━━ Supplied material ━━

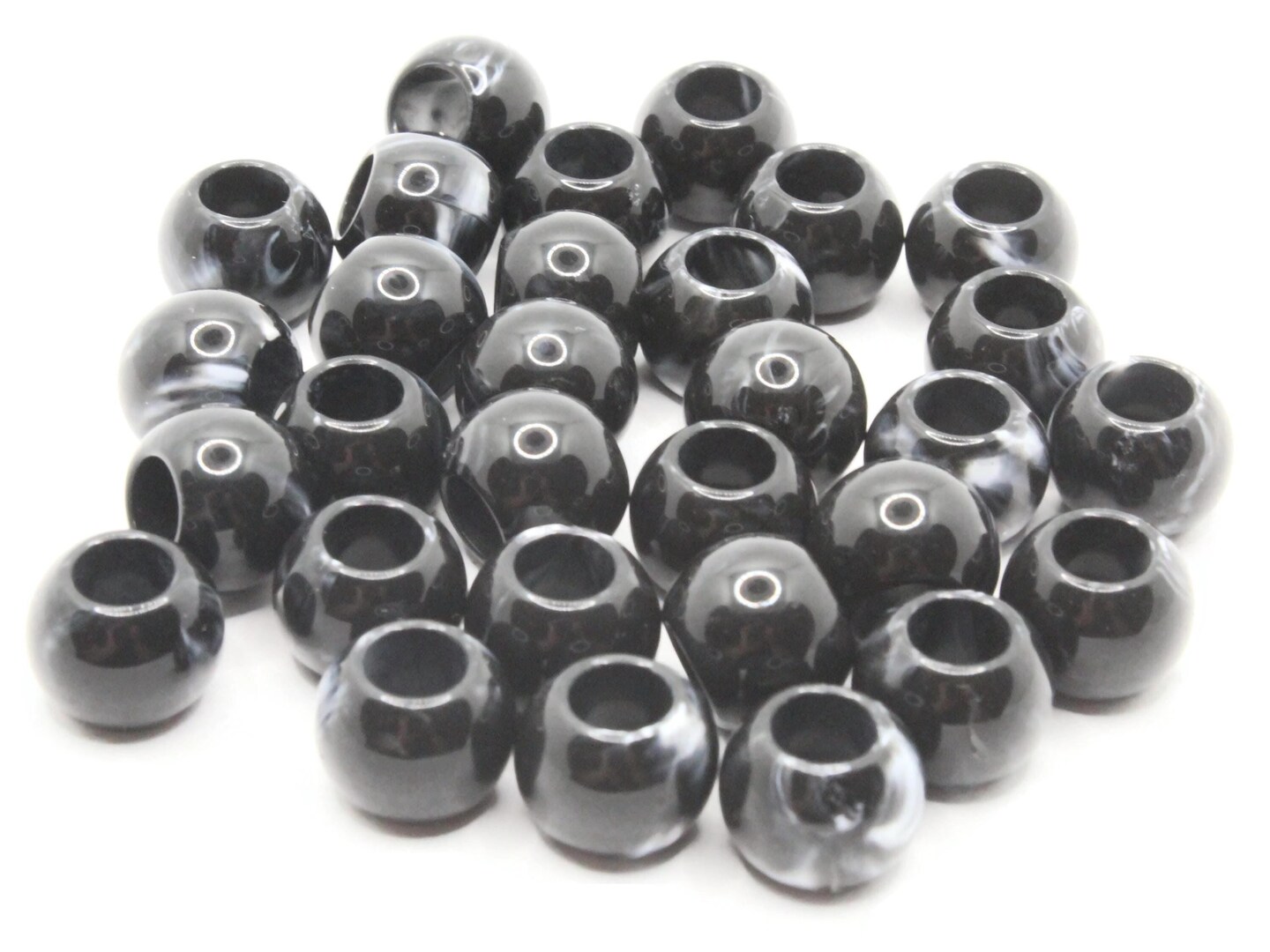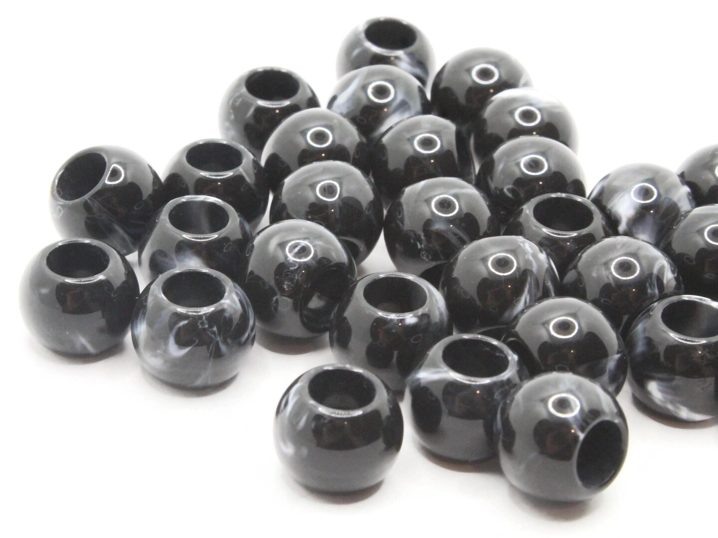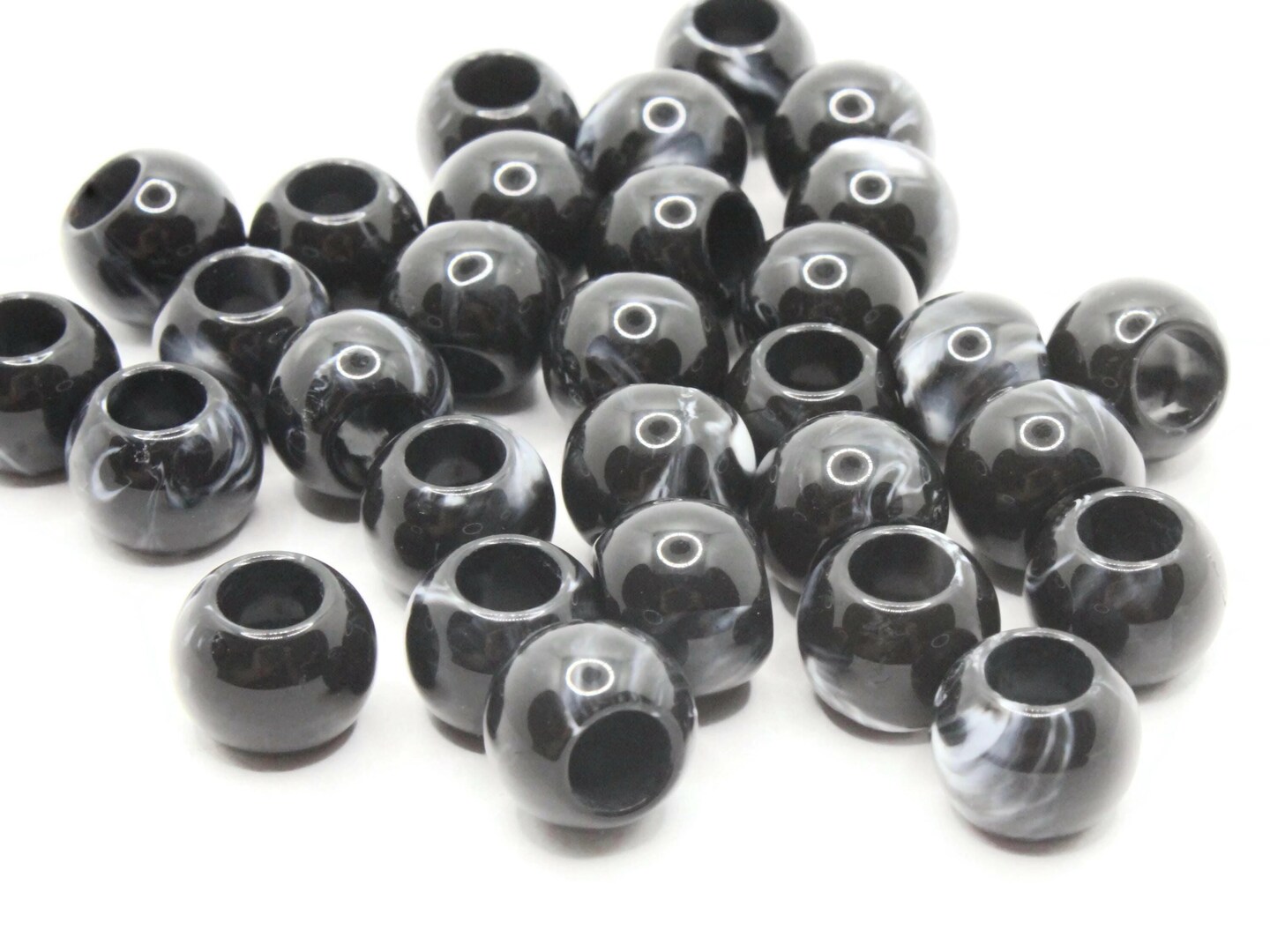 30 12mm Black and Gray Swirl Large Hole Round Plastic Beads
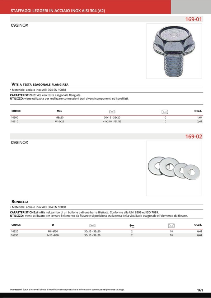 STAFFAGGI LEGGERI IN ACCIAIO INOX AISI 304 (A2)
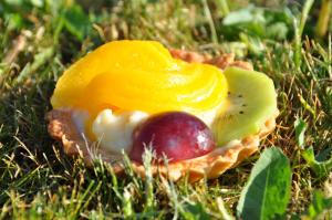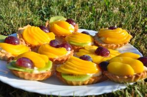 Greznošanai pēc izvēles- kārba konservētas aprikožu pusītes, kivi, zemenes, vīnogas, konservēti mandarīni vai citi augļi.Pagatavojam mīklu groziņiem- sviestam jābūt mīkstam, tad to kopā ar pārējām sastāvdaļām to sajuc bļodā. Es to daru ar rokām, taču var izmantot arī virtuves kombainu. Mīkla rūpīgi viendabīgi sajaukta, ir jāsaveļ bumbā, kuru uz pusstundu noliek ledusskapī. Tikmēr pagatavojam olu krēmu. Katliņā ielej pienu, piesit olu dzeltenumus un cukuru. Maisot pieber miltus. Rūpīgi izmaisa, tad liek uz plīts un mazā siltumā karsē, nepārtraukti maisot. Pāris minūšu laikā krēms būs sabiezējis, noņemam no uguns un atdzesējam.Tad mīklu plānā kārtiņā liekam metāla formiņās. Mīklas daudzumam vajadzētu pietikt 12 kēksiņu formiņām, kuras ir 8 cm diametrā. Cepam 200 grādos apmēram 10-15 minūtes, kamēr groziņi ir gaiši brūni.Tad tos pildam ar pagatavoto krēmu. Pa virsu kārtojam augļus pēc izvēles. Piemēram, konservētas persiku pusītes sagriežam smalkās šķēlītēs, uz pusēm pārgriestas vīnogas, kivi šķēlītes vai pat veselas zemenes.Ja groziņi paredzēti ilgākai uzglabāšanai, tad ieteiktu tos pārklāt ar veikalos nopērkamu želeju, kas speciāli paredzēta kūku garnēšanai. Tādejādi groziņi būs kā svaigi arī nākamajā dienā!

━━━
━━ Supplied material ━━

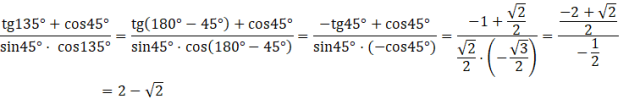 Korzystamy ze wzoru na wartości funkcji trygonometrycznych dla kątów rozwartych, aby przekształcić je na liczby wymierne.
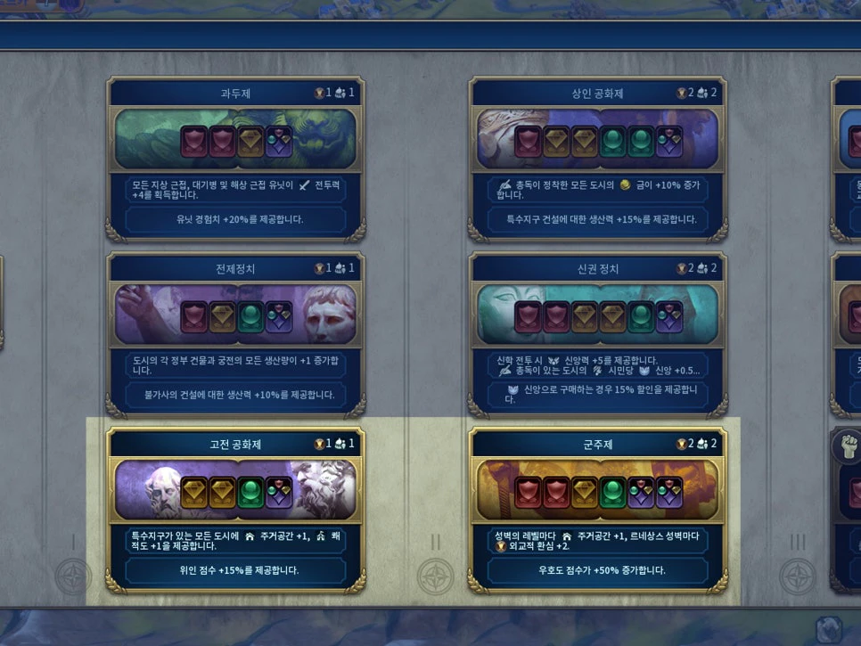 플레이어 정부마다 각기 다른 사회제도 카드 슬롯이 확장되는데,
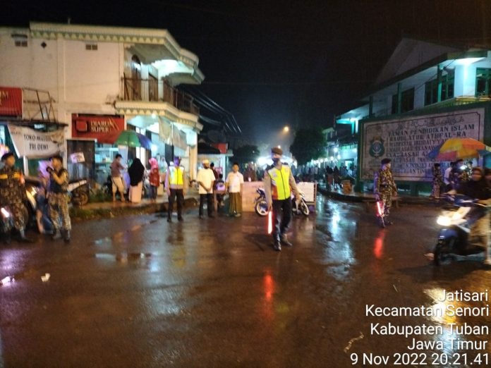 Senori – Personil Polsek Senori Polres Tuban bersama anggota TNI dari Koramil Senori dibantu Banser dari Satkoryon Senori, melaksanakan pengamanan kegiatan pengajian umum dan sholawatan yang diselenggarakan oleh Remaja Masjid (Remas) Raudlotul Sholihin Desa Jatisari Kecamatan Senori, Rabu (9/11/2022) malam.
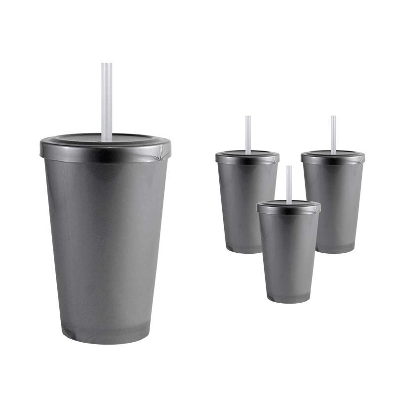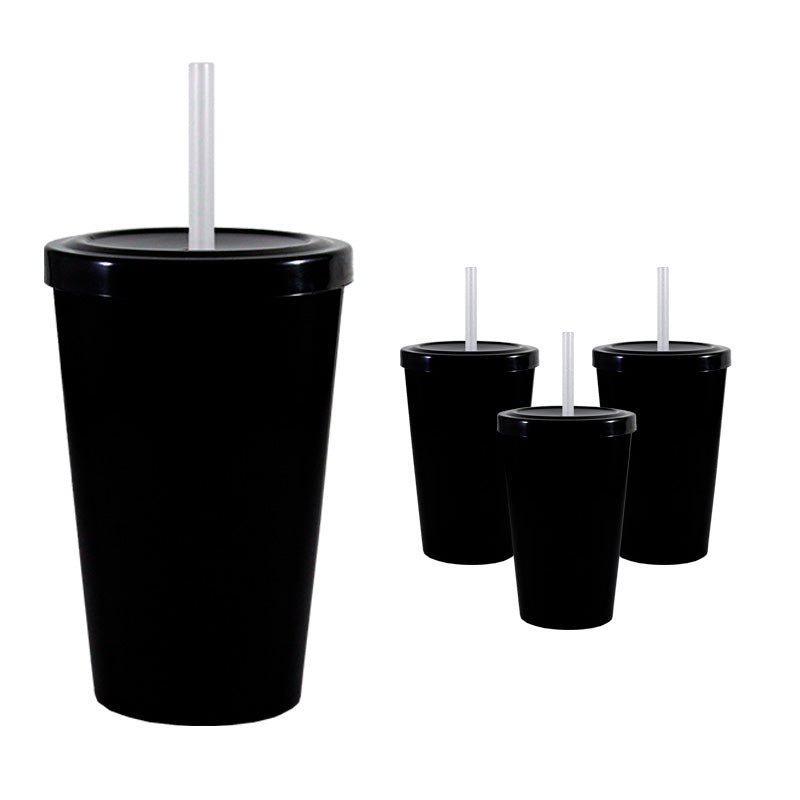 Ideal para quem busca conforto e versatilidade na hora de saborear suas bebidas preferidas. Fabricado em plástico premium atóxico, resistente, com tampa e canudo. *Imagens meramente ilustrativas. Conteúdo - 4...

━━━

◆ **Exercise goal**: Quote the lines above exactly, starting with the one that has "Korzystamy ze wzoru" and ending with the one that has "플레이어 정부마다 각기"; drop the pictures and include nothing else.

◆ **Solution for this exercise**:
 Korzystamy ze wzoru na wartości funkcji trygonometrycznych dla kątów rozwartych, aby przekształcić je na liczby wymierne.
 플레이어 정부마다 각기 다른 사회제도 카드 슬롯이 확장되는데,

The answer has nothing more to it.